An African-American male is over 7 times more likely to murder a person than a
Hispanic or European-American male. He is also over 6 times more likely to be
the victim of a murder. This is elementary statistics based on data collected
by the FBI. If this problem (which in my opinion is cultural rather than this
phony construct called "racial") can't be discussed in an honest fashion due
to political organizations which will threaten politicians with
boycotts/villification/etc due to their refusal to acknowledge inconvenient
truths, then the problem will simply continue. Not talking about it makes the
problem become uglier, because non-Black Americans in general have
internalized the fact that poor Black neighborhoods are vastly more violent
and dangerous. Any realtor can tell you this. They deal with people's ACTUAL
prejudices every day, rather than the Politically Correct, aspirational
notions of the desire to live in a diverse neighborhood.

I say this as a white guy who grew up in various poor parts of the south, and
spent large parts of my childhood with mostly black friends in mostly black
neighborhoods.
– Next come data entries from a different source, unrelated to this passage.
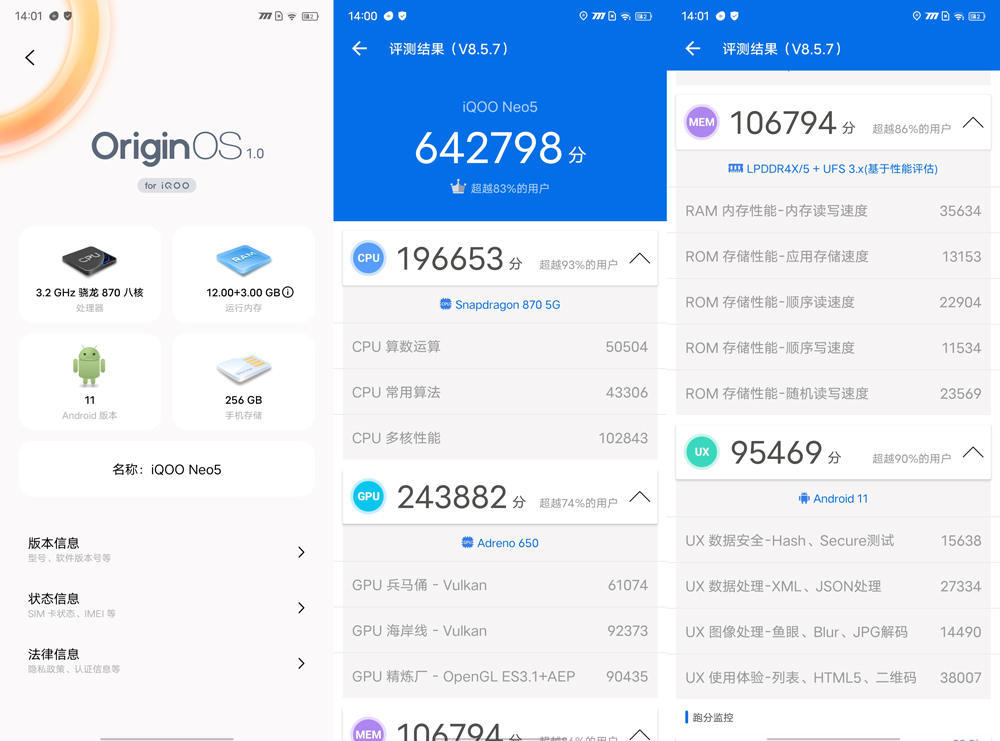 作为iQOO Neo系列的新品,为了保证产品的游戏性能,iQOO Neo5采用了今年主流的骁龙870芯片+LPDDR4X内存+UFS 3.1闪存的组合。骁龙870是高通今年的新品,定位仅次于骁龙888。这颗芯片使用了7nm工艺以及“1+3+4”八核心三丛集架构,整体性能提升了10%。此外,该机还配备有内存融合技术,可额外增加3GB内存。
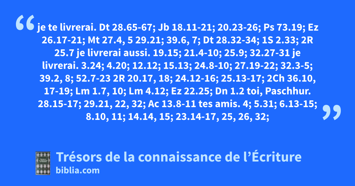 je te livrerai. Dt 28.65-67; Jb 18.11-21; 20.23-26; Ps 73.19; Ez 26.17-21; Mt 27.4, 5 29.21; 39.6, 7; Dt 28.32-34; 1S 2.33; 2R 25.7 je livrerai aussi. 19.15; 21.4-10; 25.9; 32.27-31
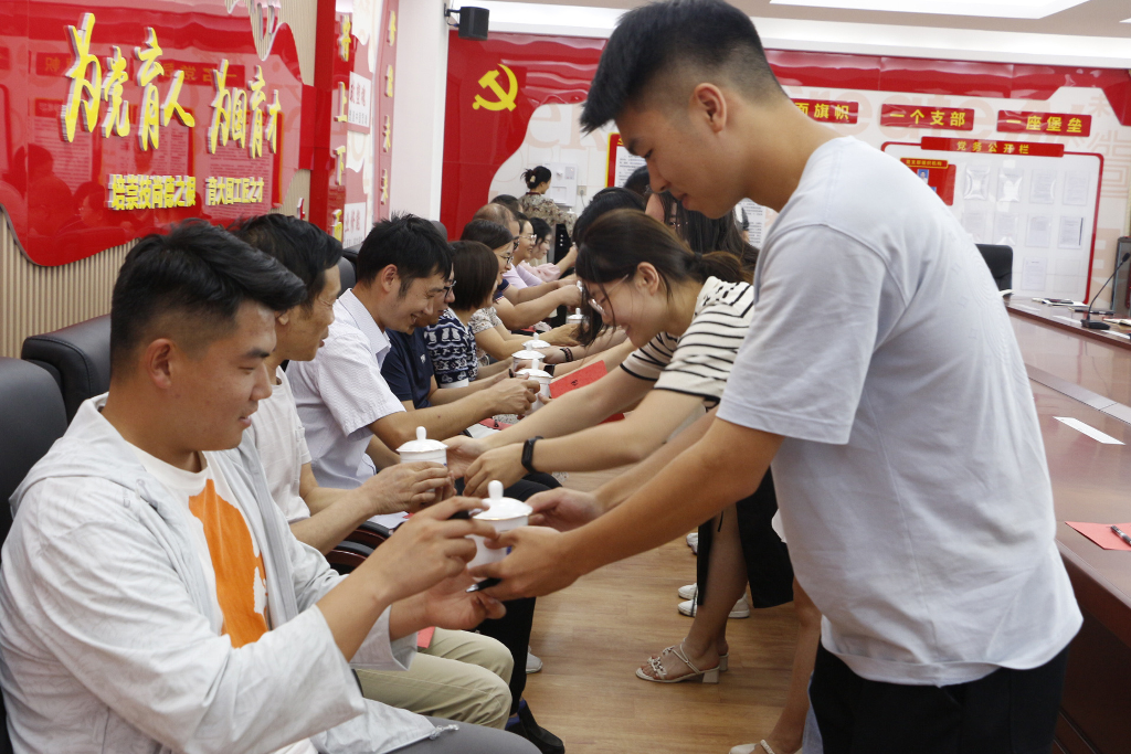 徒弟老师向师傅老师投递拜师贴,立下誓言,行拜师礼,并敬上拜师茶,以表诚意。在这一俯一仰一送一迎之间,接过的是一份沉甸甸的责任,凝聚的是尊师重道的佳风,坚守的是全体教师对教育事业薪火相传的信念。
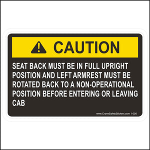 Seat Back Must Be In a Full Upright Position and the left armrest must be rotated back to a non-operational position before entering or leaving the cab.
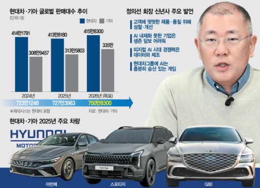 지난해 글로벌 판매는 현대차 413만 8180대, 기아 313만 5803대 등 727만 3983대를 기록했다. 목표치(739만 대)에는 미치지 못했지만 미국 관세 등 불확실성이 커진 여건을 감안하면 준수한 성적이라는 평가다. 기아는 판매를 2% 늘리며 역대 최고 실적을 냈고 현대차는 0.1% 감소했다.
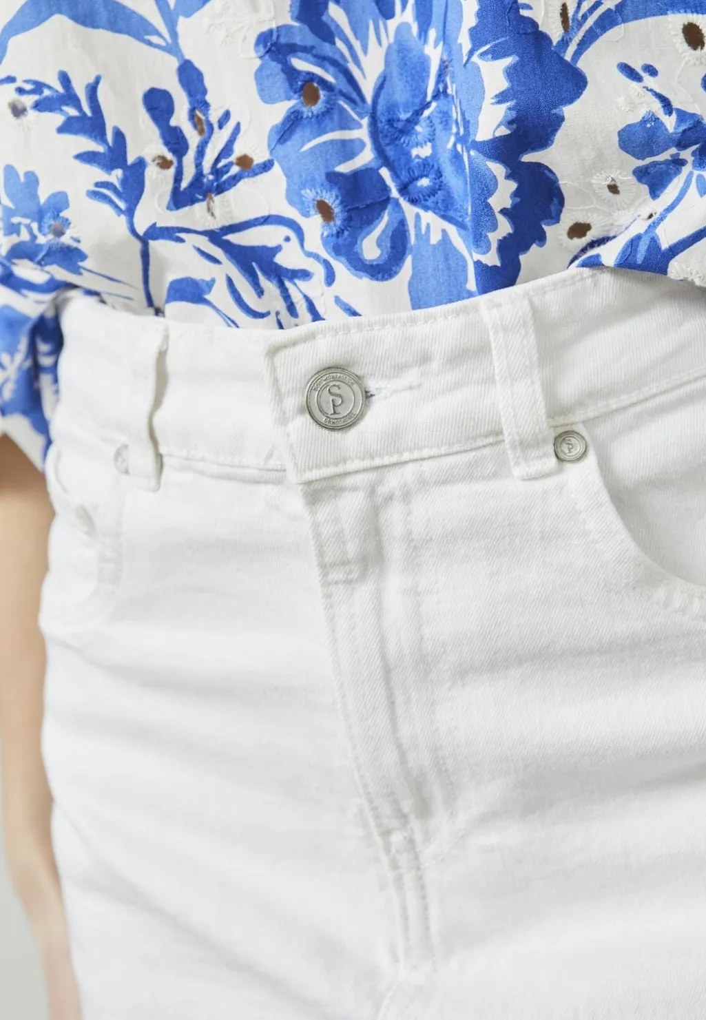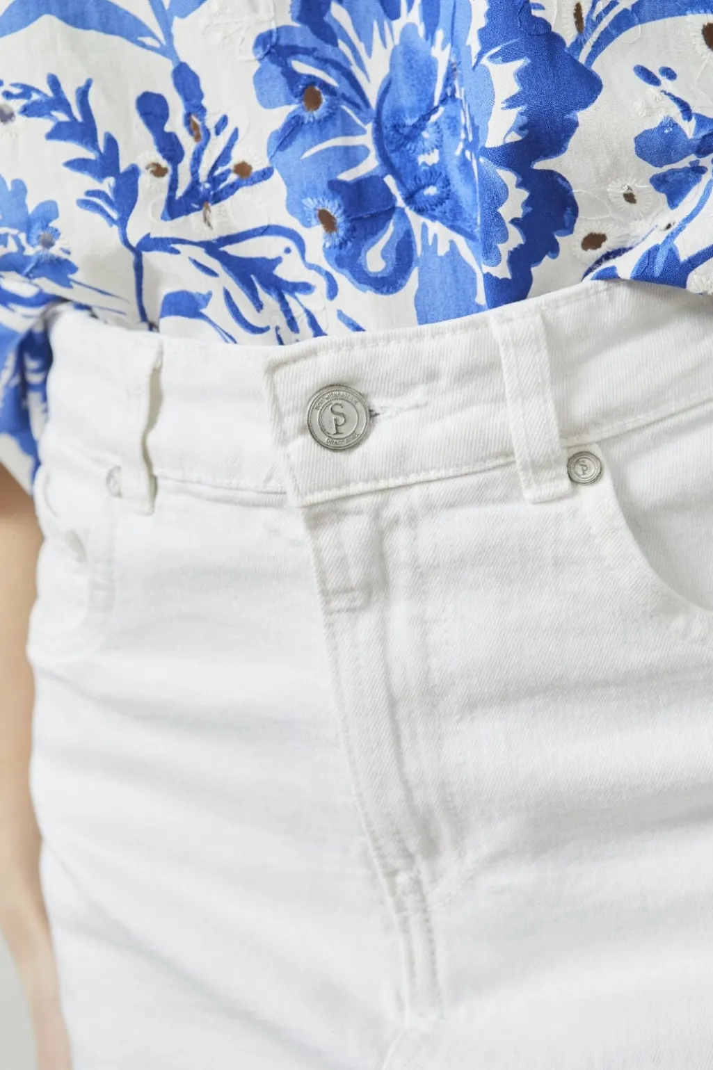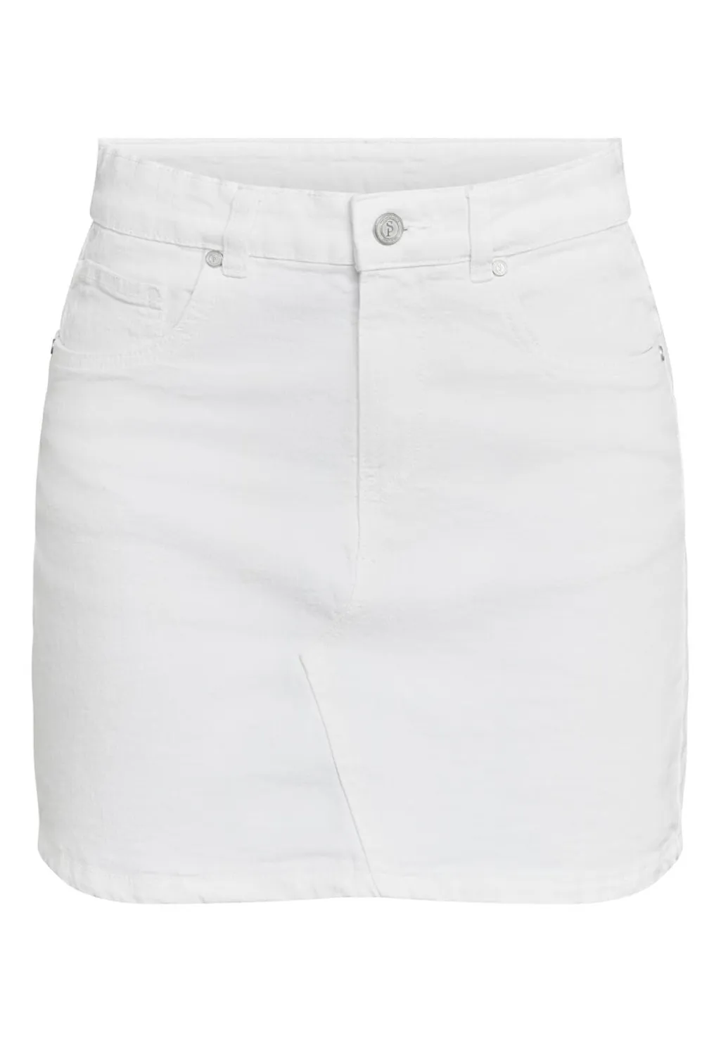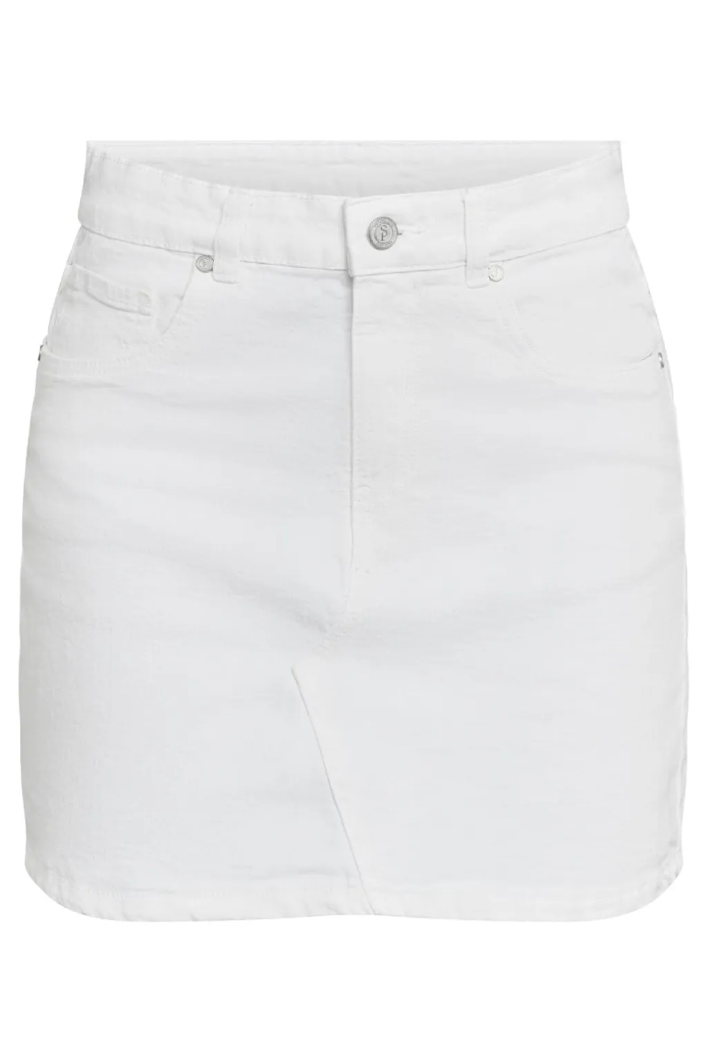 Hvid denimnederdel fra Sisters Point med kort længde. Den har en slim fit-pasform og en linning med knap- og lynlåslukning. Nederdelen er lavet i en blød bomuldsblanding.
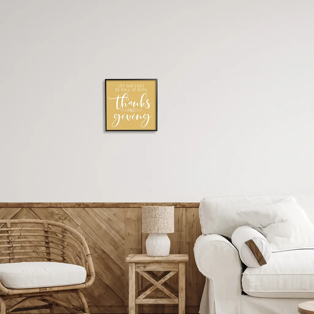 Our Framed Giclee Wall Art adds a touch of class to any space in your home or office. Frames are available in three alluring styles: black, gray farmhouse and white. Our textured artwork will add more depth and dimension to any space. Each piece is mounted with a 1.5 inch thick wood grain frame that is ready to hang! Looking for a statement piece? We have oversized artwork available.Features: Wall Art is Ready to Hang - No Installation or Hardware Needed. For Easy Set Up Lean or Layer Artwork on Shelf or Against Wall.Our giclee prints are carefully mounted on a durable MDF backing, and then perfectly finished in a 1.5 inch thick woodgrain frame. Mounted frame colors include black, gray farmhouse and white. Made In USA.Artwork Relates To: Calligraphy, Typography, Thanksgiving, Seasonal, Fall, AutumnDesign by Lettered and Lined

Political Correctness prevents us from collectively helping the
predominantly black victims of a large sub-culture of black America that
celebrates crime, dehumanizes women and gays, views educational/career
achievement as betrayal of black identity, and tolerate men who willingly
abandon their families.

America will not succeed as a nation unless black Americans succeed, and
political correctness throws them to the wolves by pretending a problem they
are victimized by doesn't exist.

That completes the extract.